Modes of production of sheets of medium carbon chromium-nickel steels and their effectiveness No. Technological parameters Properties and yield options Composition number 2 · C + Ni + Cr,% H ₁ mm ε per pass,% T _CP , ° C τ, s σ _in , MPa δ ₅ ,% KCU, J / cm ² Test WINWE Yield,% one. one 0.70 24.0 not regl. 845 40 1100 10 85 I can’t stand it. - 2. 2, 3, 4 0.90-1.80 24.0 not regl. 850 thirty 1345 19 97 having stood. 99.8 3. 2, 3, 4 0.90-1.80 24.0 not regl. 870 twenty 1350 eighteen 96 having stood. 99.8 four. 5, 6, 7 1.81-3.40 14.0 not regl. 750 55 990 9 78 I can’t stand it. - 5. 5, 6, 7 1.81-3.40 14.0 not regl. 770 45 1350 17 96 having stood. 99.7 6. 5, 6, 7 1.81-3.40 14.0 not regl 780 40 1350 eighteen 96 having stood. 99.9 7. 8, 9, 10 3.41-4.80 7.0 28 690 65 980 7 62 I can’t stand it. - 8. 8, 9, 10 3.41-4.80 6.5 thirty 700 70 1350 eighteen 96 having stood. 99.7 9. 8, 9, 10 3.41-4.80 5,0 40 710 80 1345 17 95 having stood. 99.5 10. 8, 9, 10 3.41-4.80 4,5 fifty 730 82 1350 eighteen 96 having stood. 99.3 eleven. eleven 2.61-3.55 5.2 52 700 64 990 13 77 I can’t stand it. - 12. prototype 2.1 20,0 twenty 940 - 950 fifteen 75 I can’t stand it. - Note: sheet properties for all production options are given after low-temperature tempering at 200 ° C

As a basic object in calculating the effectiveness of the proposed method, the technology for the production of sheets of medium-carbon chromium-nickel steels at the metallurgical enterprise "Red October" was adopted. The implementation of the proposed method will increase the profitability of the production of sheets of special and universal purposes by 20-25%.

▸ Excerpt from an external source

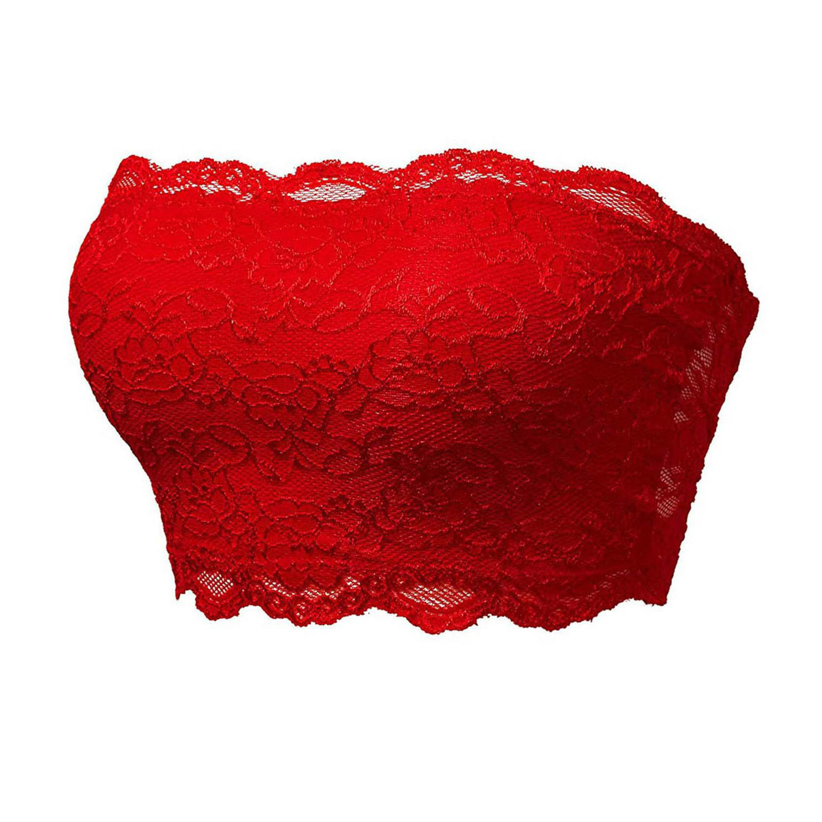 SMihono Women Bandeau Crop Tube Top Floral Lace Strapless Bra Full-Coverage Wireless Bra Padded Tank Bandeau Bra Red 6

Literary sources used in the preparation of the description of the invention:

1. Application No. 61-163210, Japan, IPC C21D 8/00, 1986

2. Application No. 61-223125, Japan, IPC C21D 8/02, C22C 38/54, 1986

3. Patent of the Russian Federation No. 2191833, IPC C21D 8/02, 2002 - prototype.

Claims (2)

1. A method of producing chromium-nickel sheet steel, including heating flat billets to an austenitizing temperature, multi-pass reversible hot rolling with a regulated rolling end temperature and hardening of the sheets in water, characterized in that after hot rolling, the sheets are exposed to air and then hardened, and the exposure time of the sheets in air and the temperature of the end of the rolling set depending on the content of chemical elements in steel according to the ratios T _kp ≥850 ° C and τ≤30 s at 2 · C + Ni + Cr = 0.90-1.80; T _kp ≥750 ° C and τ≤55 s at 2 · C + Ni + Cr = 1.81-3.40; T _kp ≥700 ° C and τ≤65 s at 2 · C + Ni + Cr = 3.41-4.80, where T _kn - the temperature of the end of rolling; τ is the exposure time before quenching; C, Ni, Cr — carbon, nickel and chromium content in steel, respectively, wt.%. 2. The method according to claim 1, characterized in that when rolling sheets with a thickness of not more than 7.0 mm, the relative compression in each pass is maintained within 30-50%.